EXERCISE OBJECTIVE
Output all the data exactly. Pictures do not belong in the copy.

STORED DATA
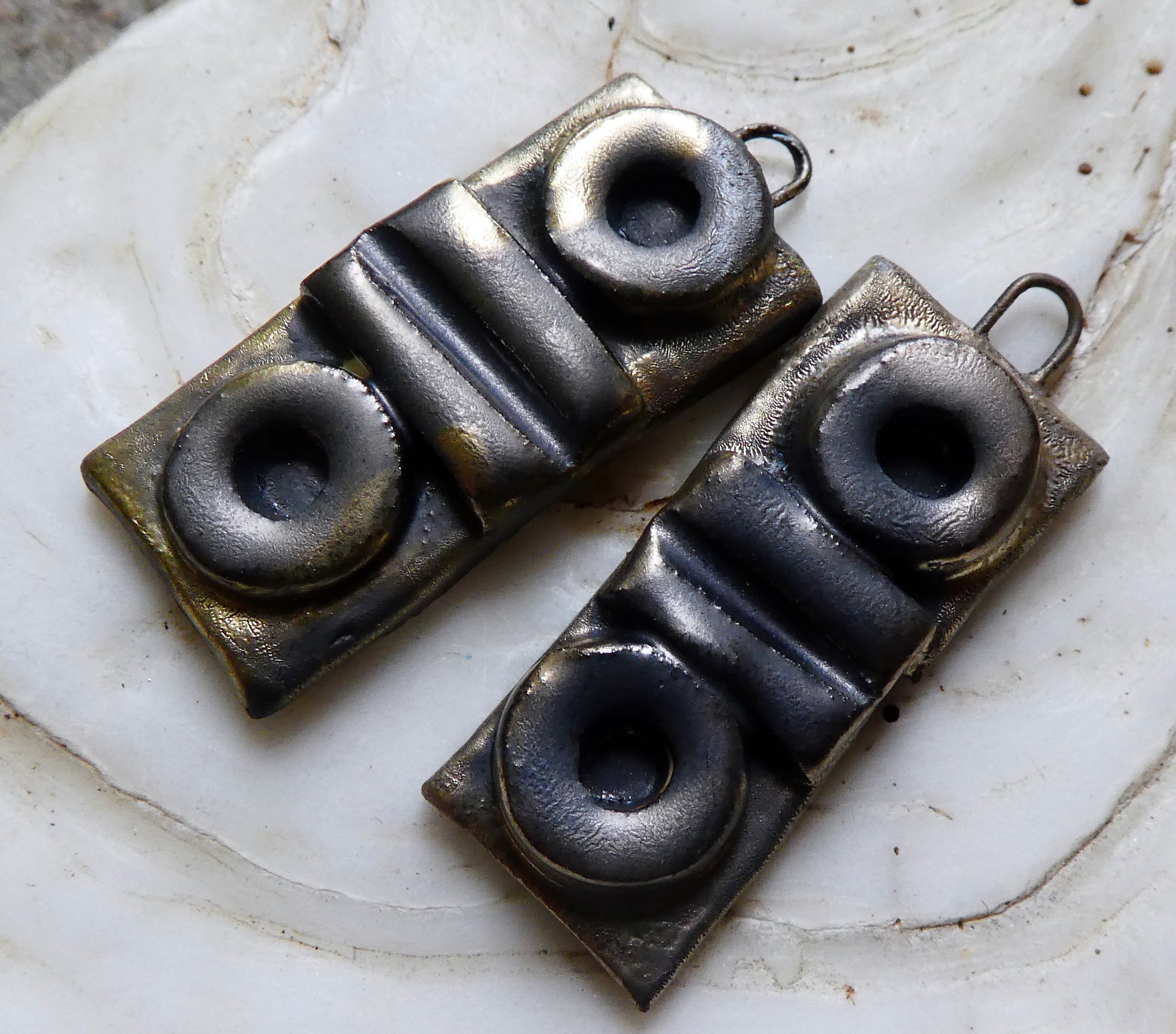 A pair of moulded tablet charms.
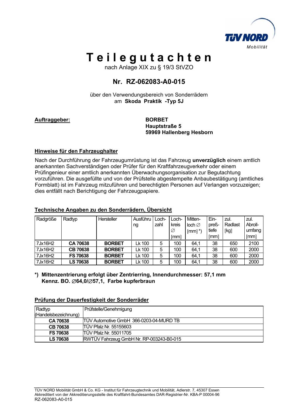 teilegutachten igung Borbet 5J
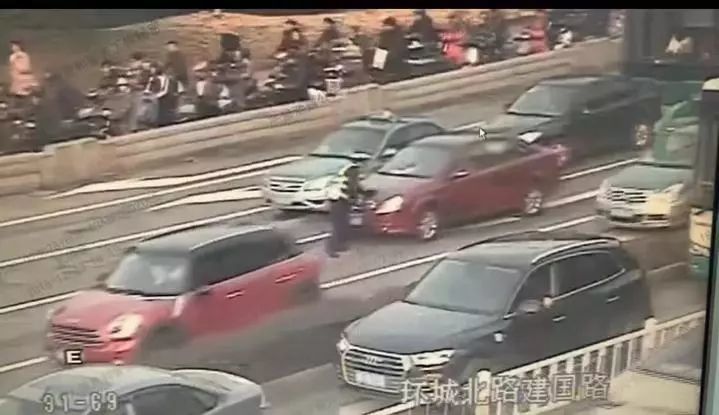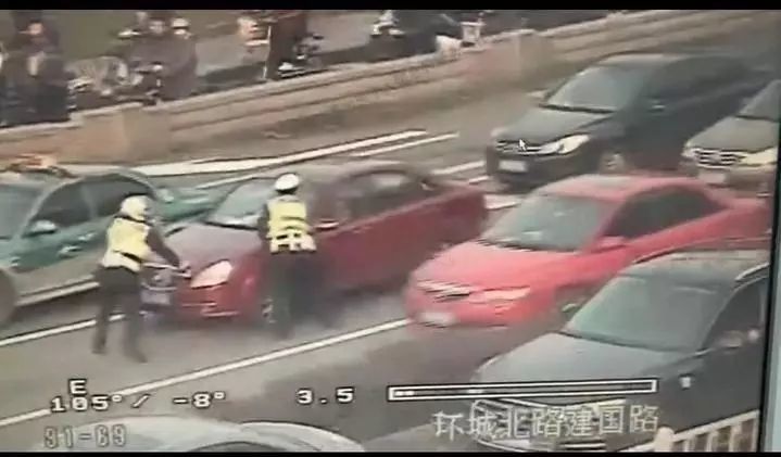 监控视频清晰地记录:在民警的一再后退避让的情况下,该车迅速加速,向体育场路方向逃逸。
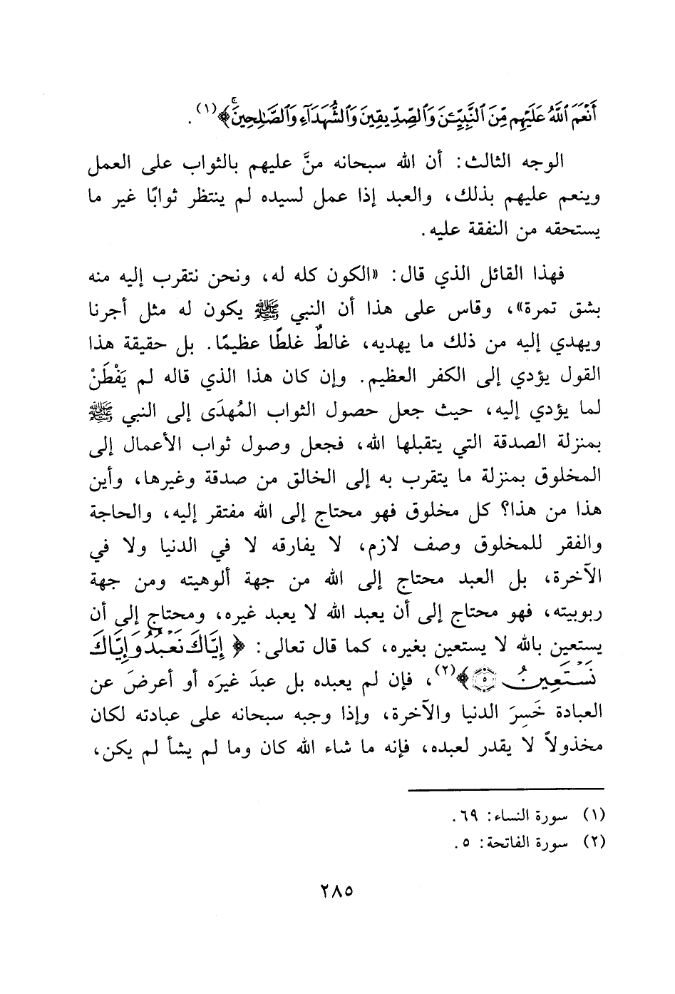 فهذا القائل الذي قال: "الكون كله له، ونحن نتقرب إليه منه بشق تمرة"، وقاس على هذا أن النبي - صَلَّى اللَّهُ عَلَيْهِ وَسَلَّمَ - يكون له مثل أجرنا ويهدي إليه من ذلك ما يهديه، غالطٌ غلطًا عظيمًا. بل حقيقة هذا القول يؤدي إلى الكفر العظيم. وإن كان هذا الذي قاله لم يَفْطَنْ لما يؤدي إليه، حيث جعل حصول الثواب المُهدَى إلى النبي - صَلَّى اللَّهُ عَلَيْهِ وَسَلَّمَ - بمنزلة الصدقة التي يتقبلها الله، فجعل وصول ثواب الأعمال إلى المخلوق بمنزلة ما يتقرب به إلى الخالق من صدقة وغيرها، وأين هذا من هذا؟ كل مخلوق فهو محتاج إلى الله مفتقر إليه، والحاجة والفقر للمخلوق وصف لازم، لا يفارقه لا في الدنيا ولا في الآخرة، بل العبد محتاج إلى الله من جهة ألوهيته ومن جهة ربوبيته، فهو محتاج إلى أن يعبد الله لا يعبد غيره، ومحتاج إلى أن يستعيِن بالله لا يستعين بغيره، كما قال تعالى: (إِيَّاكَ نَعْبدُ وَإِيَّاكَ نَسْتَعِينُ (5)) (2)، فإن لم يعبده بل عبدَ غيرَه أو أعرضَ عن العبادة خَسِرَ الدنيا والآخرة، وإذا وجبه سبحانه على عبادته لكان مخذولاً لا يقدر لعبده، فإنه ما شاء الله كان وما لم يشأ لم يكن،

TASK SOLUTION
 A pair of moulded tablet charms.
 teilegutachten igung Borbet 5J
 监控视频清晰地记录:在民警的一再后退避让的情况下,该车迅速加速,向体育场路方向逃逸。
 فهذا القائل الذي قال: "الكون كله له، ونحن نتقرب إليه منه بشق تمرة"، وقاس على هذا أن النبي - صَلَّى اللَّهُ عَلَيْهِ وَسَلَّمَ - يكون له مثل أجرنا ويهدي إليه من ذلك ما يهديه، غالطٌ غلطًا عظيمًا. بل حقيقة هذا القول يؤدي إلى الكفر العظيم. وإن كان هذا الذي قاله لم يَفْطَنْ لما يؤدي إليه، حيث جعل حصول الثواب المُهدَى إلى النبي - صَلَّى اللَّهُ عَلَيْهِ وَسَلَّمَ - بمنزلة الصدقة التي يتقبلها الله، فجعل وصول ثواب الأعمال إلى المخلوق بمنزلة ما يتقرب به إلى الخالق من صدقة وغيرها، وأين هذا من هذا؟ كل مخلوق فهو محتاج إلى الله مفتقر إليه، والحاجة والفقر للمخلوق وصف لازم، لا يفارقه لا في الدنيا ولا في الآخرة، بل العبد محتاج إلى الله من جهة ألوهيته ومن جهة ربوبيته، فهو محتاج إلى أن يعبد الله لا يعبد غيره، ومحتاج إلى أن يستعيِن بالله لا يستعين بغيره، كما قال تعالى: (إِيَّاكَ نَعْبدُ وَإِيَّاكَ نَسْتَعِينُ (5)) (2)، فإن لم يعبده بل عبدَ غيرَه أو أعرضَ عن العبادة خَسِرَ الدنيا والآخرة، وإذا وجبه سبحانه على عبادته لكان مخذولاً لا يقدر لعبده، فإنه ما شاء الله كان وما لم يشأ لم يكن،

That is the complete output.